В искусстве сходство каверзное есть
с изысканной и милой одалиской,
что дарит нам высокую болезнь,
смешав ее с постыдною и низкой.
* * *
Жил-был еврей рассеянный
во всей красе и силе.
Жил-был, как все, - рассеянный
почти по всей России.
Средь улиц и завалинок
жил при своем достатке:
на пятки вместо валенок
натягивал перчатки.
Бродил своей походкою
от Вятки до Анапы
порой со сковородкою,
надетой вместо шляпы.
В вагончике отцепленном
так сладко просыпаться!..
Теперь в золе и пепле нам
приходится копаться.
Всё выскоблено дочиста
и выгорело начисто -
осталось только творчество
по имени чудачество.
Чудачество!

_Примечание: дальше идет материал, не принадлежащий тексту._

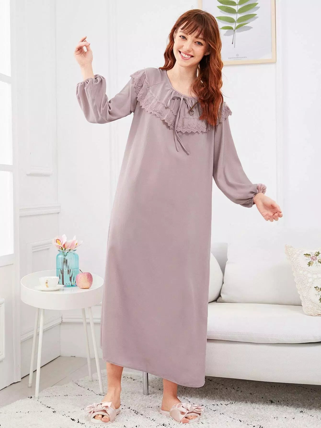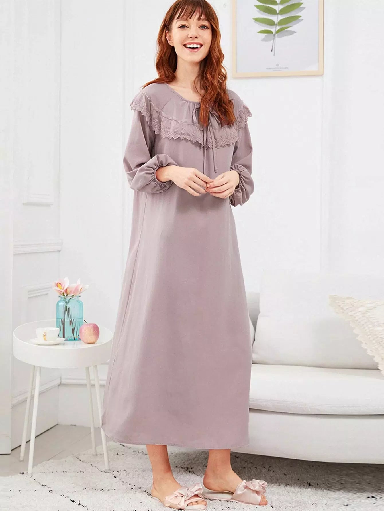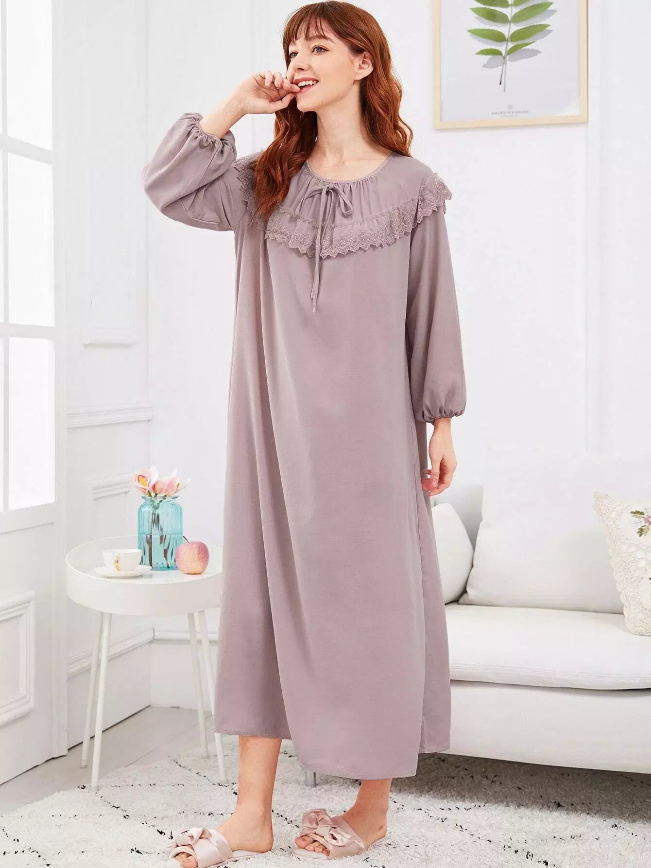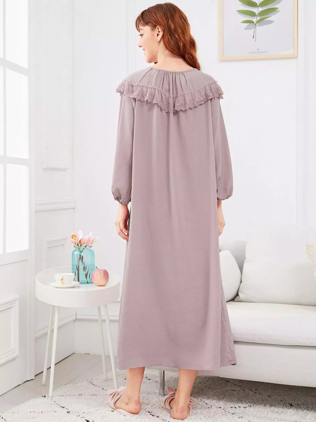 فستان نوم مطرز برقبة مطرزة بأكمام أسقفية
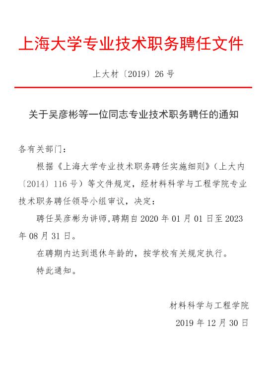 关于吴彦彬等一位同志专业技术职务聘任的通知
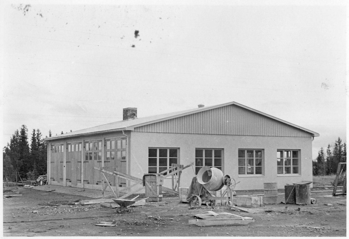Vägstation Z9, Nälden, filial Oviken. Garagebyggnad, under uppförande. Markberedning av garageplan pågår. Cement- och betongblandare, skottkärra.
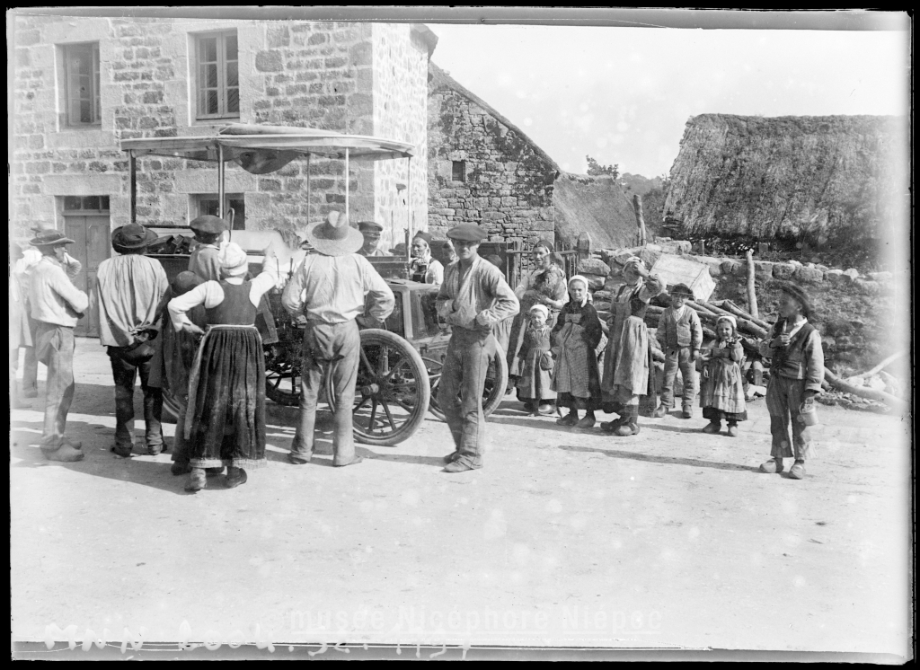 Badauds autour dune automobile en Bretagne
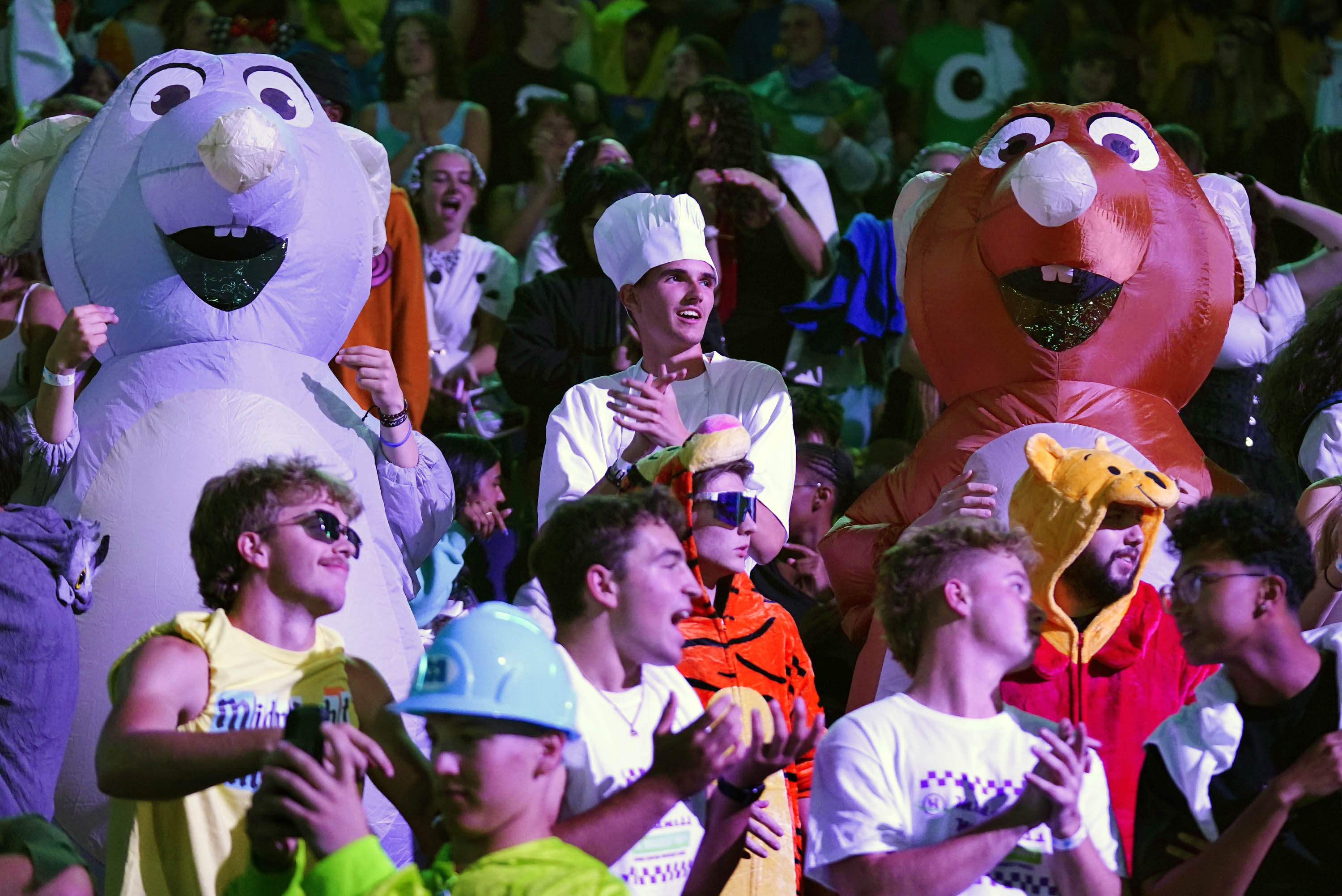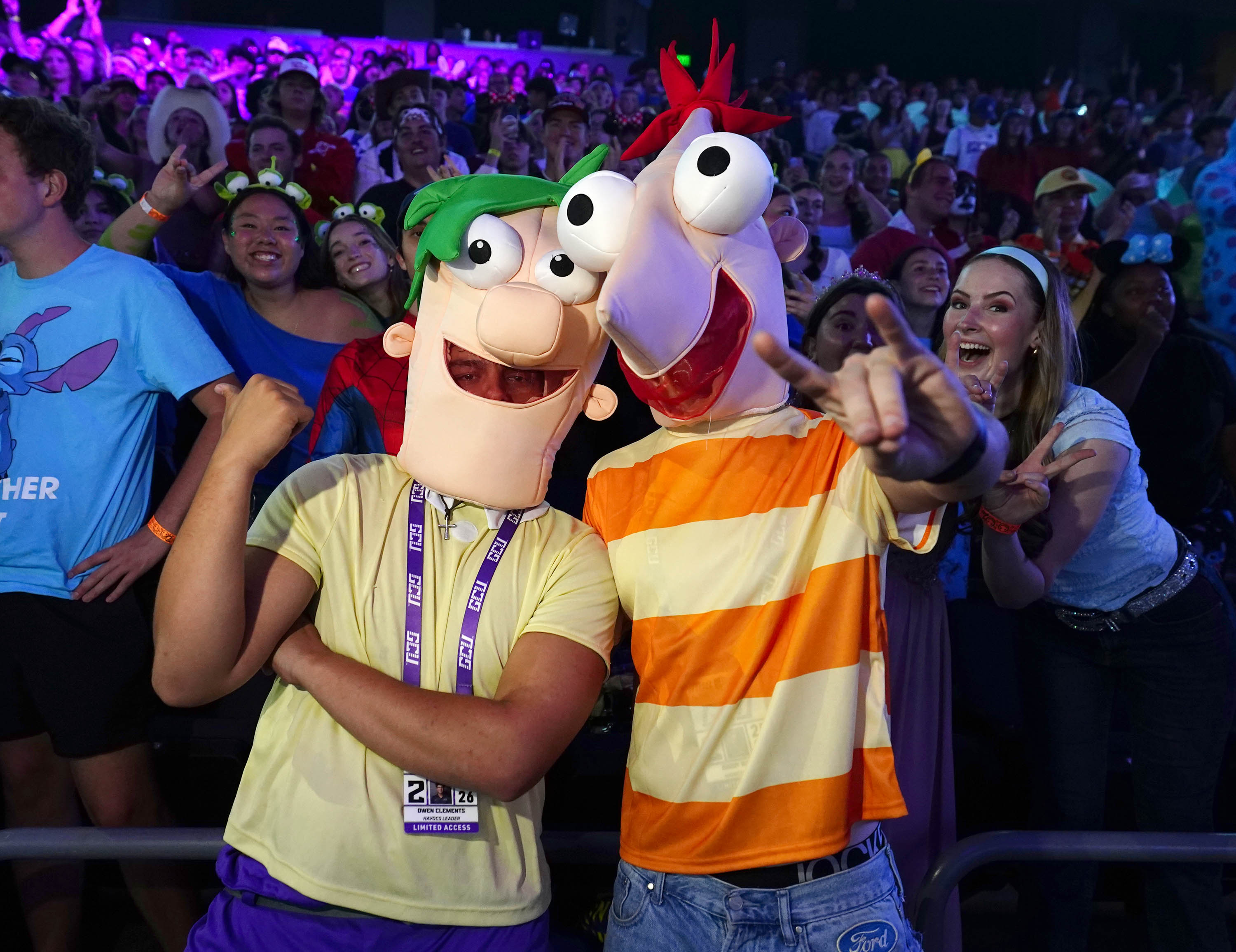 Students dressed as the characters Phineas and Ferb during Midnight Madness at Global Credit Union Arena on Oct. 3, 2025 -

От мира ведь
куда ему деваться?
В Чудетство эмигрировать
и загримироваться.
Кати в своем вагончике,
нелепый, бесполезный,
по лезвию, на кончике,
над этой страшной бездной.
Глядишь, и карта выпадет,
и вытянется фант…
Ну, что еще нам выпадет,
еврейский музыкант?
* * *
Я пошел на выставку Шагала,
чтобы встретить тех, кто не уехал.
Оказалось их не так уж мало:
были там Наташа, Юля, Алла,
были Рабинович и Хаймович,
Саша, Маша, Вова, доктор Пальчик.
Алла говорит: "Мы послезавтра".
Юля говорит: "Мы на подходе",
"Там нельзя, - откликнулась Наташа, -
там нельзя, но здесь невыносимо".
"В Раанане, - отвечает Саша, -
тут, у нас, всё очень даже можно:
можно жить, работать можно дружно".
"А у нас под Вашингтоном душно, -
Вова говорит, - и нет работы".
Маша возражает: "Здесь прелестней -
швабский воздух, пиво, черепица…"
Доктор, доктор, надо ль плакать, если
Диделя давно склевали птицы?
Рабинович сел на стул при входе -
он в летах, и у него одышка.
А Хаймович - тот совсем мальчишка,
правда, он в Освенциме задушен
и скользит, как облачко, вдоль зала.
Я пошел на выставку Шагала,
но тебя на выставке не встретил.
Только край оливкового платья
над зеленой крышей промелькнул.
ТРАКТАТ О РУССКИХ ЕВРЕЯХ
Марине Темкиной
1
Черта оседлости
отработала в каждом из них
черты усердности.
Повышенная ранимость,
благодаря заведомой картавости,
переросла в повышенную гонимость.
Еврейские страхи
зарифмовались и сделали явью
библейские строки.
А чувство долга
при постепенном исчезновении чувства локтя
превратилось в чувство морга.
2
Исходя из концептуальной теории перформанса,
русские евреи в конце двадцатого века
стали невольными участниками
невиданной инсталляции -
случайно раскиданные по всей земле,
крохотные очаги культуры,
ищущие и не находящие
самоидентификации.
3
Что до меня -
то я неприКаян и неприАвелен:
я неправилен.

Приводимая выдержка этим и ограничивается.